A LISA is not taxed when you withdraw from it, as its funded with money that’s been taxed.
However, unlike a Stocks & Shares ISA, unfortunately you can’t withdraw from it at any time.
You can only withdraw age 60 or if you’re planning to use it as a deposit for your first home.
That’s the one disadvantage with a LISA that makes me question whether to open one or not.
The reason being is: how would investing in a LISA impact when I could actually retire early?
How much do you need to Retire Early?
First things first: how much money in an investment account do you need to retire early?
As a reminder, the equation that you need to use to figure this out is as follows:
Target annual income x inverse of your withdrawal rate = target portfolio amount
For early retirement, let’s say you’ll be funding it using ISAs so no need to worry about taxes.
As an example, let’s say that your desired target income is £3,000 a month or £36,000 a year.
As for your withdrawal rate, let’s say that you’d be using 10% as per Portfolio Success Rates.
That means that the inverse of 10% is 1/0.1 = 10. Therefore, £36,000 x 10 = £360,000.
Therefore, you’d need £360K invested to have a non inflation adjusted income of £36K/year.
Not only that, but this money would need to be accessible at any time in order to retire early.
So the question is: is it better to invest in both a LISA & ISA or just an ISA for early retirement?
What would happen in you invested in a LISA and ISA?
So you know that you’d need early access to at least £360K invested in order to retire early.
Note: this is just until you can access your pensions, which we can calculate at a later time.
Let’s say that you have £1,000 to invest every month (outside of your pension contributions).
That equates to £12,000 a year. Let’s say you max out your LISA allowance of £4,000 a year.
That leaves you with £8,000 to invest in a S&S ISA a year, or around £667 invested a month.
Let’s use the MYB Early Retirement Calculator to see how long it would take us to reach £360k.
Making a few assumptions: starting amount of £0 and investment growth of 10% per year.
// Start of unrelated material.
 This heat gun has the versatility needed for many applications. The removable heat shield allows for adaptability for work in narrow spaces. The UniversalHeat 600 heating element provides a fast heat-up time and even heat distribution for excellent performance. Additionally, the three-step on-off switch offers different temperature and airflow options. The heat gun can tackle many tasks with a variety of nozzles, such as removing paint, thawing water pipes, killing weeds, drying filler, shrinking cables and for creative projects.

Plugging in the numbers, we can see that it would take 17 years to reach £360k in our ISA.
We can use the Early Retirement Calculator to see how much we’d have in our LISA by 60.
You need to plug £417 in contributions and your starting age to see how much you’d have.
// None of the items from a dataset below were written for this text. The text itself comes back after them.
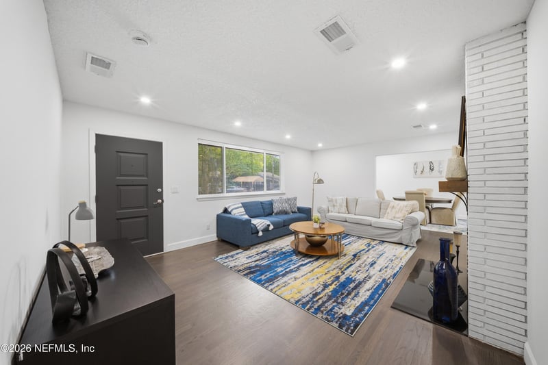 Listing details for 2925 Bethel Ct, Jacksonville, FL 32207 : Step into a warm, inviting home filled with natural light, neutral tones, and a layout that feels open yet cozy. Featuring luxury vinyl flooring throughout, a beautifully updated kitchen with white quartz countertops, and modern LED mirrors, every detail has been thoughtfully designed. Downstairs offers two bedrooms, a full bathroom, and a versatile open flex space--ideal for a home office, reading nook, or play area. Upstairs, enjoy a private and spacious primary suite with its own bathroom and double sink vanity. The garage includes durable epoxy flooring and a convenient half bath. Ideally located just minutes from San Marco, about 25 minutes to Jacksonville Beach, with easy access to I-95. Close to Publix and Aldi, within walking distance to Douglas Anderson School of the Arts, this home blends comfort, style, and convenience--perfect for your next chapter.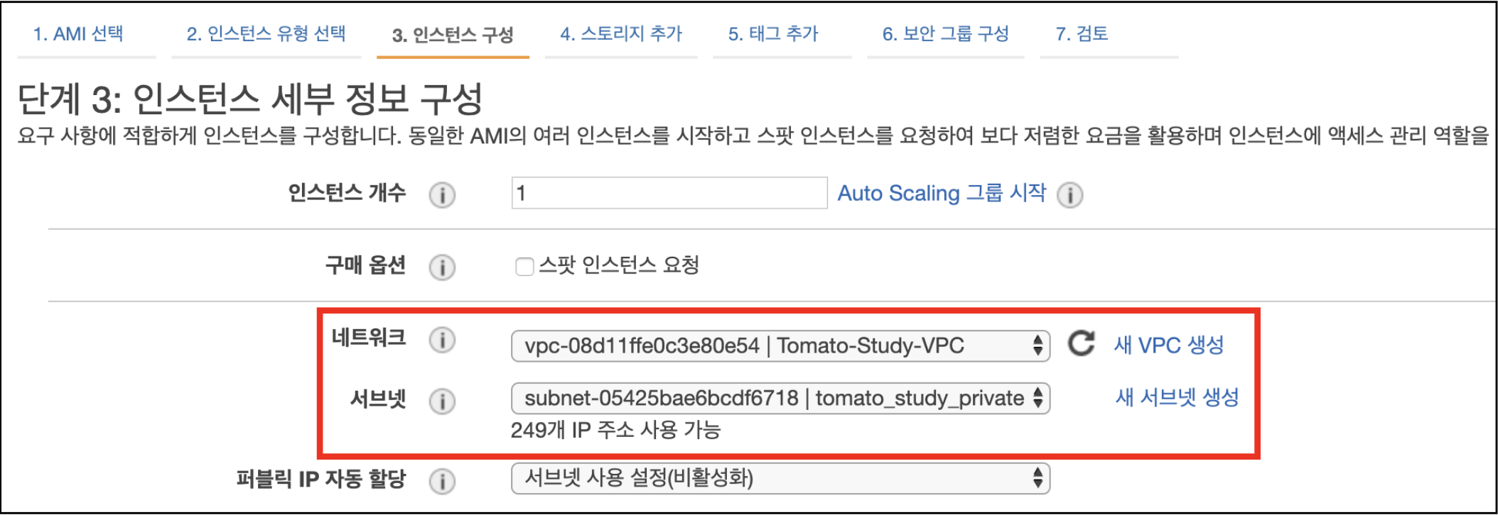 AMI, 인스턴스 유형, 스토리지, 태그, 보안 그룹은 이번 네트워크 구성과는 무관하므로, 실습 시 상황,환경에 따라 알아서 선택하여 진행하며, 네모박스가 쳐진 설정을 제외한 다른 설정도 역시나 알아서 선택하여 진행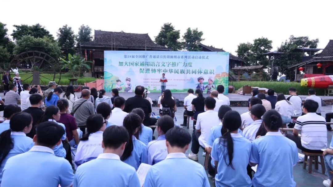 9月24日,第28届全国推广普通话宣传周柳州市系列活动在融水苗族自治县融水镇苗美家园社区热闹启动!柳州市教育局总督学韦海水,融水苗族自治县委常委、县人民政府副县长袁源,广西科技大学教务处副处长姜峰齐聚现场并发表热情洋溢的致辞。来自我市部分市直单位、各县区教育局的代表,以及当地群众和师生代表共同见证了这一精彩时刻。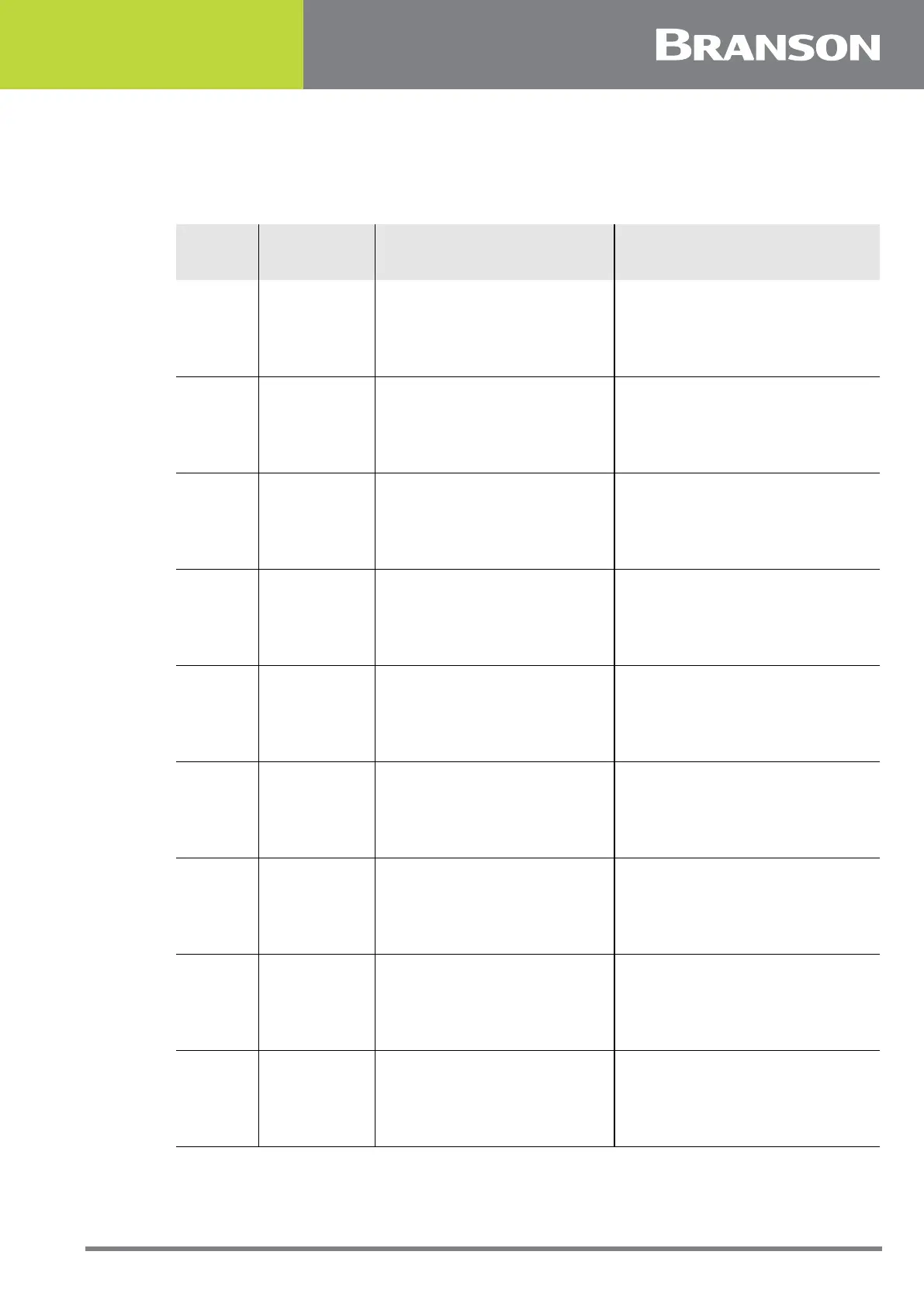 Table B.5 Setup Alarms and Messages, with Probable Cause and Corrective Action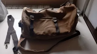 Bolso tipo mochila de cuero con un diseño clásico y práctico. - Material: Cuero - Color: Negro y marrón - Compartimento principal con cierre de cordón. - Bolsillos frontales con solapa y hebilla. - Asa superior. - Correas ajustables para llevar en la espalda. - Le falta un cierre a un bolsillo pero se puede reponer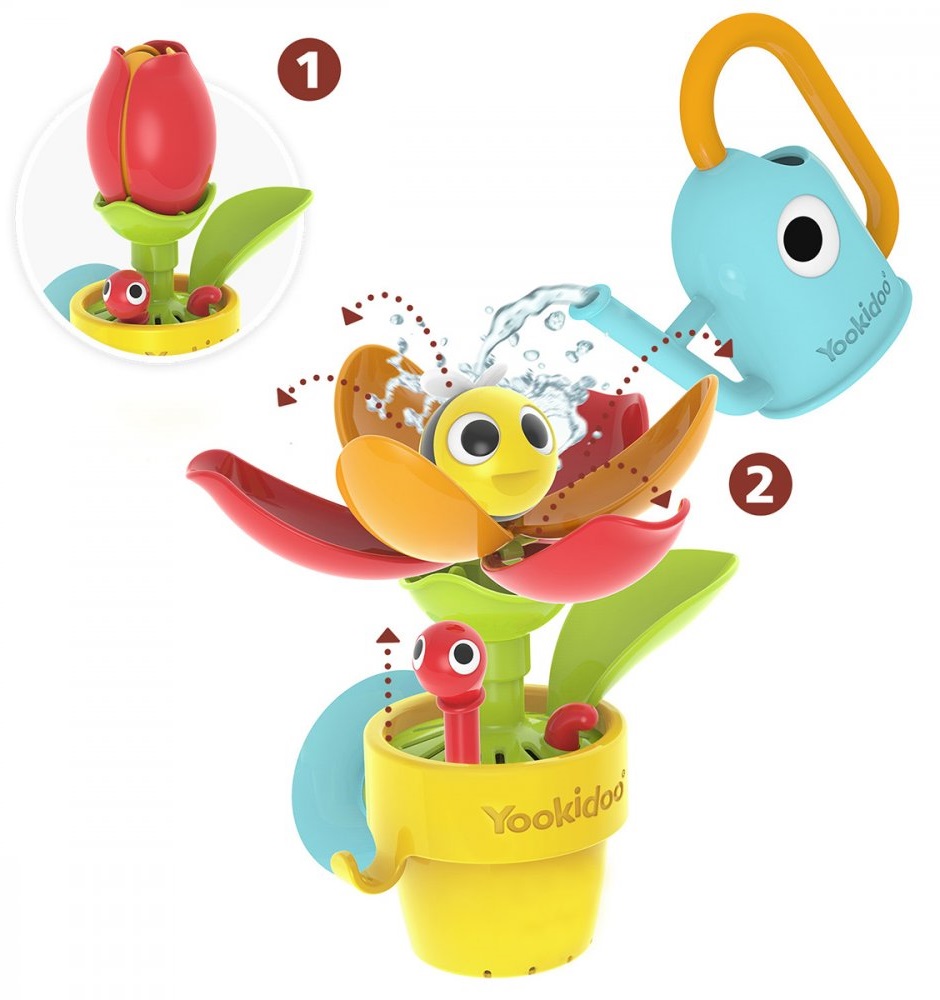 іграшка для води сповнена дивовижних реакцій. Використовуючи поливу, поливайте горщик черв'яком і квіткою. Таким чином ви почнете ланцюгову реакцію повну веселощів. Маленький черв’як починає повільно підніматися. Відкриті пластівці, і всередині з’являється джмель.

What would happen if you invested in just an ISA?
Assuming you’re starting by age 30, you could have £905k in your LISA by the access age 60.
(This is not entirely true as you can only pay into it until age 50, but it gives you a rough idea).
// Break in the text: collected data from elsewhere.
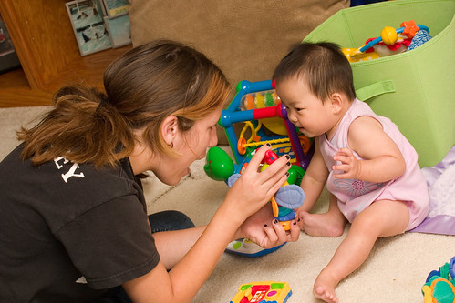 So she did it two more times with more laughing and cheering and then decided she was done with that and it was time to play. We knew she “could” do it, but she just prefers us to do it. She cracks me up. She is also cruising the furniture like a speed racer and more and more often I see her let go with both hand and try to stay up. She collapses almost immediately, but it’s fun to see her try.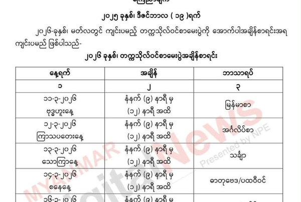 另悉,2026年大学入学考试报考申请表(每份200缅币)及考试费印花税票(价值700缅币)已自2025年9月1日至9月30日期间,在缅甸考试管理局总部,内比都办公楼52号及缅甸考试管理局仰光办事处,仰光省莱达雅镇区12街区,巴拉密路(ပါရမီလမ်း)发售。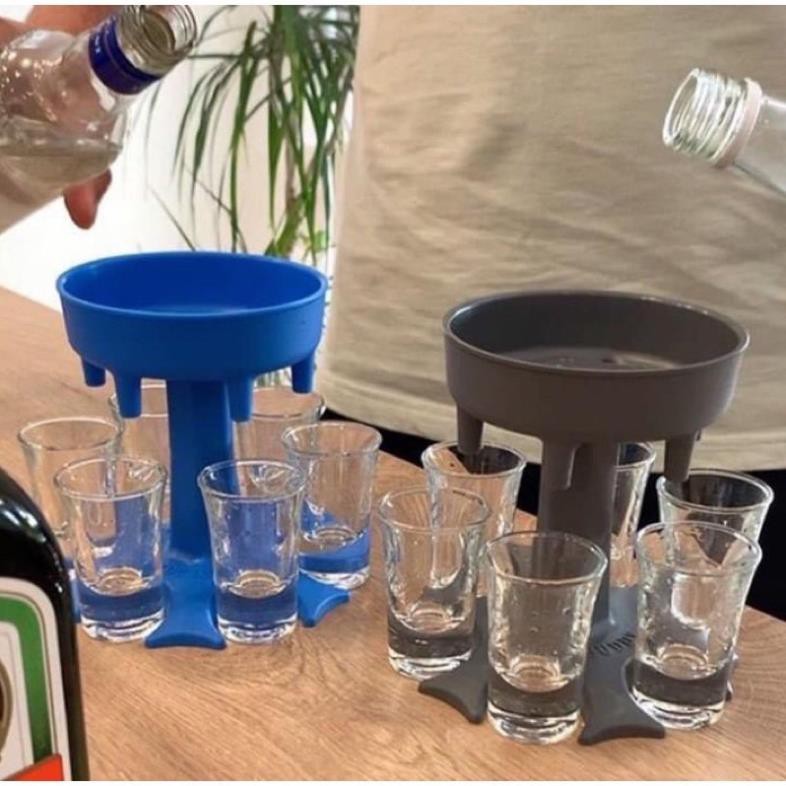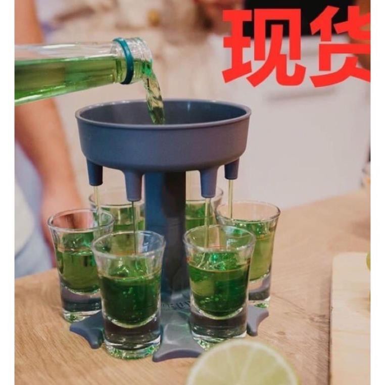 - Kiểu dáng : Dạng phễu có 6 vòi rót và 6 chân Đỡ ly , chỉ cần đổ dung dịch lên bên trên là phểu sẽ tự động chia rót xuông thành 6 vòi đều nhau , giúp nhanh chóng chia rượu đều mà chỉ cần 1 lần rót

This is great: after 30 years investing into a LISA, you could have almost £1 million invested.
But don’t forget about your pension, which after 30 years may also have a similar amount.
So if I didn’t have a pension, I would certainly invest in an LISA to get those gov. contributions.
Coming back to our initial £1,000 to invest every month: what if I put it all into a S&S ISA?
That means that I would be investing the full £12,000, how would this affect my calculations.
Plugging in the numbers, we can see that it would take us 14 years to reach £360k in our ISA.
As you can see, it’s not a huge difference between 14 and 17 years to reach £360k in our ISA.
It all comes down to how soon you want to be able to retire early on £36k drawdown a year,
My thoughts on LISA
As you can see, you could have a huge amount in your LISA when you come to access it.
However the same goes for your pension when you come to access it at about the same age.
That’s why for me, I would probably invest into a LISA if I was using it to buy my first home.
Doing so does not lock my money until age 60, and I could benefit from the gov contributions.
However, this only applies for your first home – no can do if you have already bought a house!
For me, I probably wouldn’t invest into a LISA if I am prioritising retiring as early as possible.
I’d rather use all my yearly private investment contributions towards investing in a S&S ISA.
As shown above, it only shaves a few years off when I could retire early: 14 years vs 17 years.
This may not seem like much for you, but for me, I’d rather retire as early as I possibly can.
For others, they may choose to wait a few extra years, but have an extra £905k by age 60!